For this listing, the lines between the one holding "Newface İphone 15" and the one holding "At Quick Tempo", inclusive, must be set down exactly.

- **Provided records**

----

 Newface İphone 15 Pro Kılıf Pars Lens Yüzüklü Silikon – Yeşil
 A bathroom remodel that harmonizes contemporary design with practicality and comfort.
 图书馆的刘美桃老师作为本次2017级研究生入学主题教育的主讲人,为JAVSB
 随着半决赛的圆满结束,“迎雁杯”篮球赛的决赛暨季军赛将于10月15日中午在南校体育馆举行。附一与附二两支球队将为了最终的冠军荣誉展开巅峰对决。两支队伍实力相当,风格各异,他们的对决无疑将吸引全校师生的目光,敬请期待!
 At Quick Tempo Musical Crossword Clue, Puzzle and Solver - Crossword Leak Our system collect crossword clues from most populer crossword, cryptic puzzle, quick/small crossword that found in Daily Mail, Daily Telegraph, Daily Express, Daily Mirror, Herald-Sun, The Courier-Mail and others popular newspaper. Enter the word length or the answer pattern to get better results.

----

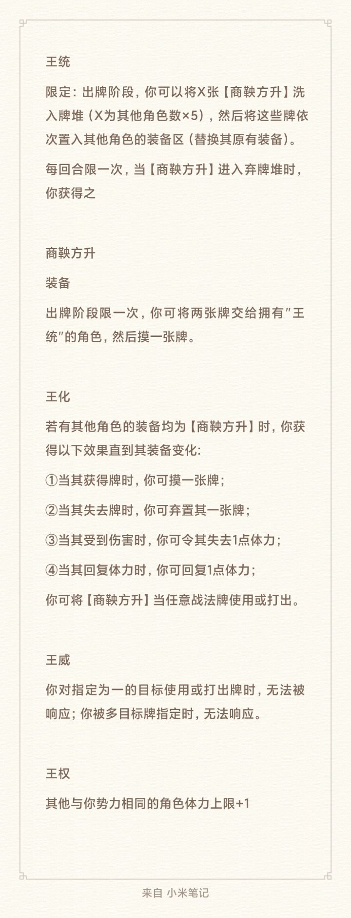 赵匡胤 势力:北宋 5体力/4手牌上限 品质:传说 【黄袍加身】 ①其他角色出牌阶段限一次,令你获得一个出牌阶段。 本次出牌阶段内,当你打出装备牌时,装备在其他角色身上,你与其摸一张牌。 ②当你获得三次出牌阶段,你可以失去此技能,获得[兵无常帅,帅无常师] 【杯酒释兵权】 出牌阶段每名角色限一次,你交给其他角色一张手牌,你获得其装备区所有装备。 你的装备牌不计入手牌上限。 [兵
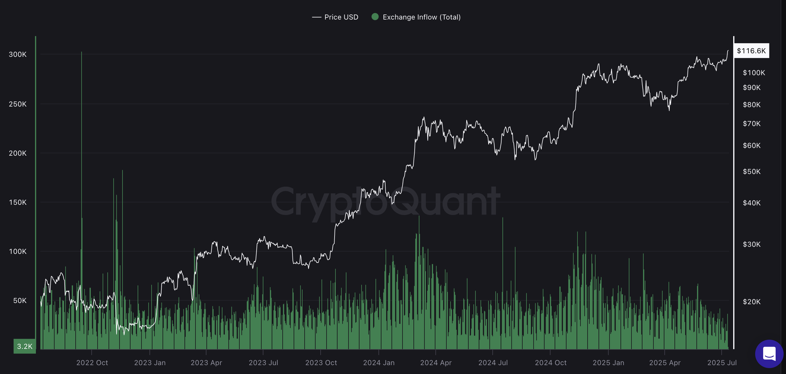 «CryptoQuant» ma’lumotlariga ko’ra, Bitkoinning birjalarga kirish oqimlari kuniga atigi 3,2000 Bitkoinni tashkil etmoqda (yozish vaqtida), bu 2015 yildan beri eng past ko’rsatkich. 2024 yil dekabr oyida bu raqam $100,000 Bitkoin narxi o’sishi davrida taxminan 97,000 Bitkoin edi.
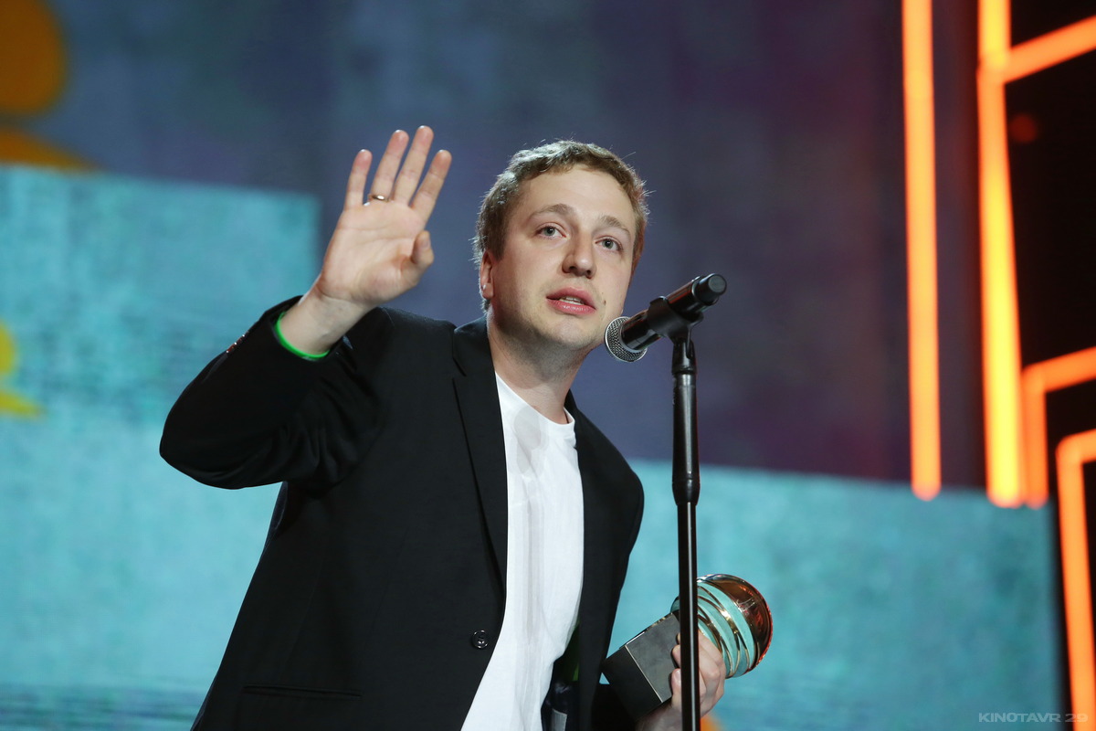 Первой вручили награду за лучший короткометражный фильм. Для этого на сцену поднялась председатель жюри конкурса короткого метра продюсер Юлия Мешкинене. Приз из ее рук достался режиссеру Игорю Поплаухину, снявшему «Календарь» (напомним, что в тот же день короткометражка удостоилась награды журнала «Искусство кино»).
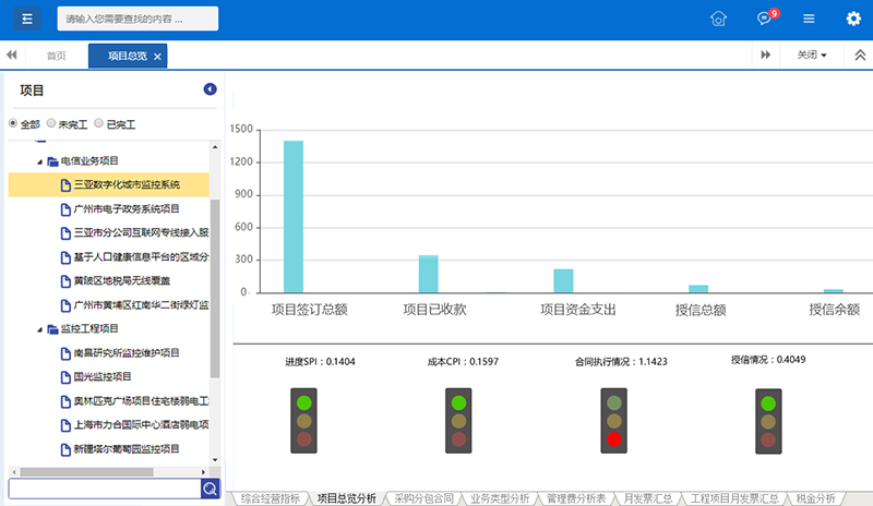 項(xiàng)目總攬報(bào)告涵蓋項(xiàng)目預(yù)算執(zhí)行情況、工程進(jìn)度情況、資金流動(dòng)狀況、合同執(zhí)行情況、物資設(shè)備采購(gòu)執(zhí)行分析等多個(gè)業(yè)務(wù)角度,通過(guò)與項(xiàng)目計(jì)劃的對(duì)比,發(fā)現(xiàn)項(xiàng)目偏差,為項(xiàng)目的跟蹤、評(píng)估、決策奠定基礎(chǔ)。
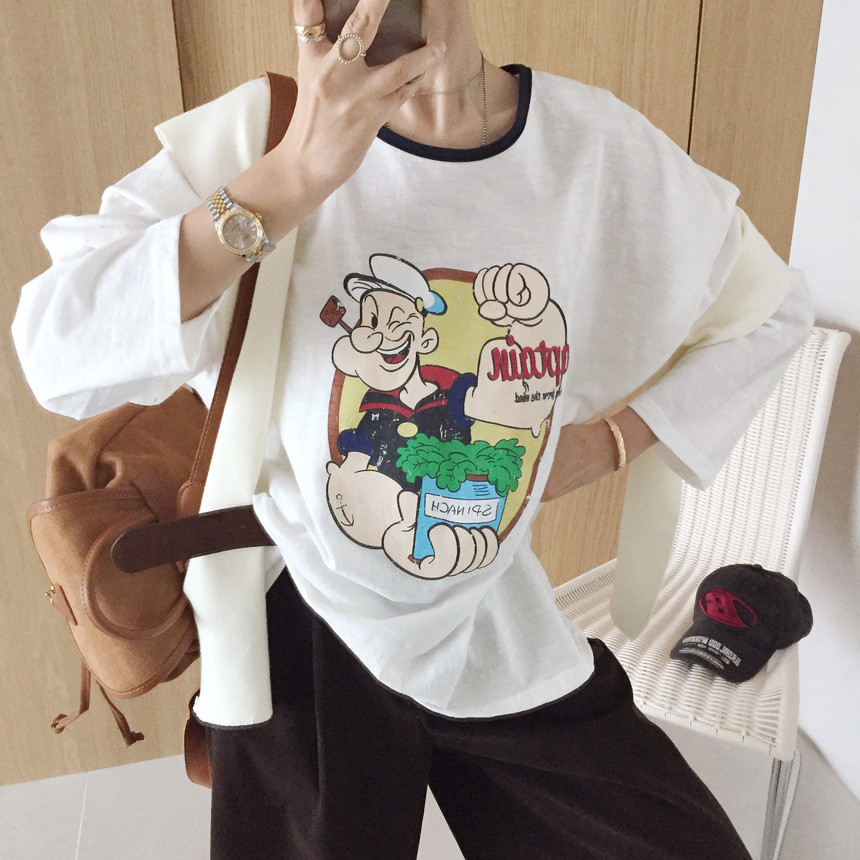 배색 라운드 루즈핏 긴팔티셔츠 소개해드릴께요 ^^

----

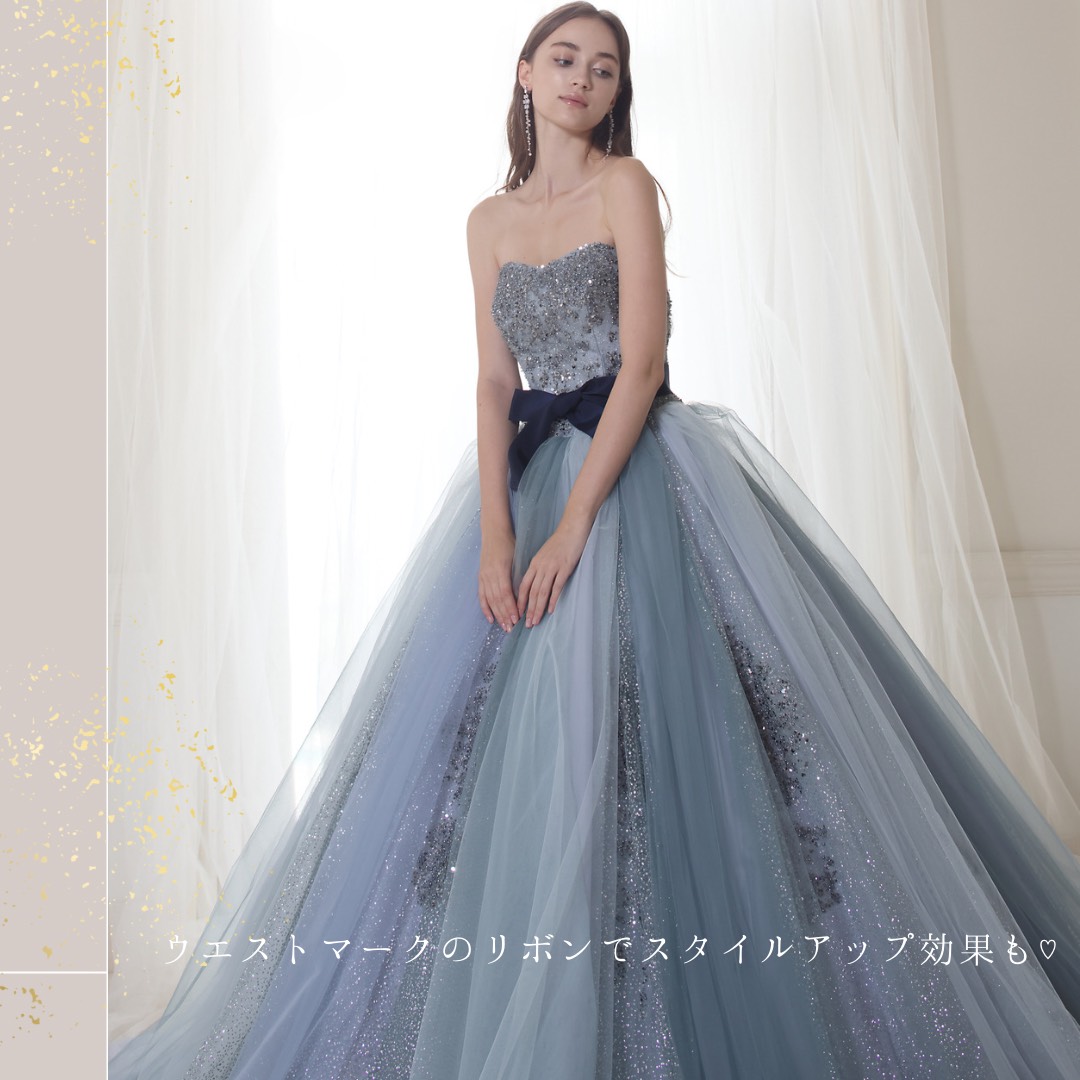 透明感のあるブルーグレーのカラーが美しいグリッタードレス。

----

- **Solution to the problem**
 Newface İphone 15 Pro Kılıf Pars Lens Yüzüklü Silikon – Yeşil
 A bathroom remodel that harmonizes contemporary design with practicality and comfort.
 图书馆的刘美桃老师作为本次2017级研究生入学主题教育的主讲人,为JAVSB
 随着半决赛的圆满结束,“迎雁杯”篮球赛的决赛暨季军赛将于10月15日中午在南校体育馆举行。附一与附二两支球队将为了最终的冠军荣誉展开巅峰对决。两支队伍实力相当,风格各异,他们的对决无疑将吸引全校师生的目光,敬请期待!
 At Quick Tempo Musical Crossword Clue, Puzzle and Solver - Crossword Leak Our system collect crossword clues from most populer crossword, cryptic puzzle, quick/small crossword that found in Daily Mail, Daily Telegraph, Daily Express, Daily Mirror, Herald-Sun, The Courier-Mail and others popular newspaper. Enter the word length or the answer pattern to get better results.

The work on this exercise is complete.